Let us consider the BERT tool in detail. BERT is a neural network from Google, which showed by a large margin state-of-the-art results on a number of tasks [6]. Using BERT, you can create AI programs for processing a natural language: answer questions asked in any form, create chatbots, automatic translators, analyze text, and so on. To submit text to the input of a neural network, you need to present it in the form of numbers somehow. In practice, each word is assigned not one number, but several. For example, it is a vector of 32 numbers. And the distances are measured as the distances between the points that these vectors point to in the space of the corresponding dimension (for a vector 32 digits long, this is a space with 32 dimensions, or with 32 axes). This allows you to compare one word at once with several words that are close in meaning (depending on which axis to count). Moreover, arithmetic operations can be performed with vectors.

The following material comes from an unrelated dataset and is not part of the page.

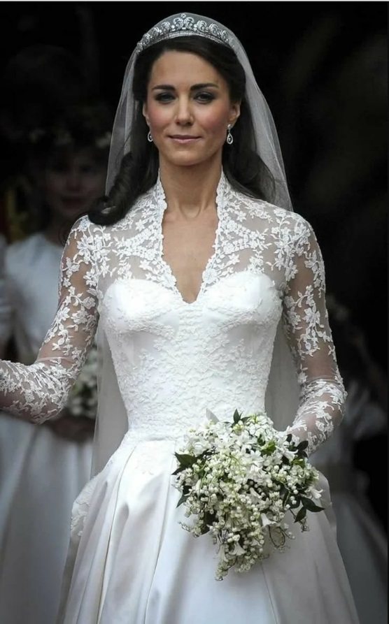 На свадьбе не обойтись без украшений. И если комплект украшений из нескольких элементов может перегрузить образ невесты, то единственные модные серьги мягко дополнят образ. Следуйте примеру Кейт Миддлтон, которая дополнила наряд нежными псевдовинтажными сережками от Robinson Pelham. А тиару ей одолжила сама Елизавета II. Все правила соблюдены и образ герцогини стал классическим.

This approach is called embeddings [11]. Many packages, such as Python packages, allow the first layer of the neural network to put a special layer of embedding layer, which does this automatically. That is, at the input of the neural network we submit the usual word number in the dictionary, and embedding layer, self-learning, translates each word into a vector of the specified length, say, 32 numbers.

It is much more profitable to pre-train such a vector representation of words on some huge corpus of texts, for example, on the whole Wikipedia, and to use ready-made word vectors in specific neural networks, rather than re-train them every time [2].

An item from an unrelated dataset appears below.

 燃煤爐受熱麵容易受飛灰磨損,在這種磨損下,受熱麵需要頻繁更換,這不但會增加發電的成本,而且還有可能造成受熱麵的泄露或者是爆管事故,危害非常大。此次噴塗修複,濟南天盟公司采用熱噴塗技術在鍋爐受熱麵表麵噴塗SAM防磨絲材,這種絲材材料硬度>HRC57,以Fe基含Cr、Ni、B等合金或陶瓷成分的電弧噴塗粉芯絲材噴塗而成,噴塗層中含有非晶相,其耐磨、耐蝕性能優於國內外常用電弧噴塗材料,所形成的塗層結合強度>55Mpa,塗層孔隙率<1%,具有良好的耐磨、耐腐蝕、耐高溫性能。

In the summer of 2018, OpenAI noticed [15] that if you pre-train a neural network on the transformer [18] architecture on large volumes of text, then it unexpectedly and by a large margin shows excellent results on a variety of different natural language processing tasks. In fact, such a neural network at its output creates vector representations for words and even whole phrases. And by hanging on top of such a language model a small block of a couple of additional layers of neurons, you can train this neural network for any tasks, for example, extracting facts and relations from a text in a natural language.

In addition to BERT, there is another XLNet model [19]. XLNet is an autoregressive language modeling (AR LM). It is trying to predict the next token from the sequence of the previous ones. In classic autoregressive models, this contextual sequence is taken independently from two directions of the original string.

XLNet generalizes this method and forms a context from different places in the source sequence. How it does it? It takes all (in theory) possible permutations of the original sequence and predicts each token in the sequence from the previous ones.

If we draw analogies with the BERT, it turns out that we do not mask the tokens in advance, but rather use different sets of hidden tokens for different permutations. At the same time, the second problem of BERT disappears—the lack of hidden tokens when using the pre-trained model. In the case of XLNet, the entire sequence, without masks, is already input.

Comparison with SOTA results on the test set of RACE, a reading comprehension task shows on the Table 2. * indicates using ensembles. “Middle” and “High” in RACE are two subsets representing middle and high school difficulty levels.

Table 2. Comparison with SOTA results on the test set of RACE

Currently, such models are created for some separate domains. Such models cannot be extended to other domains for solving the problems of extracting concepts and domain relations to automate the construction of domain ontologies, since to solve these problems it is necessary to create and train a separate model for this domain.

5 Conclusion

This article has described in detail modern approaches to solving problems such as extracting facts and relationships in a natural language text. In addition, a detailed review and comparison of modern tools and libraries that implement these approaches were carried out. Each of the above tools has its own advantages and disadvantages. But a universal (as well as a multilingual solution) has not been found so far.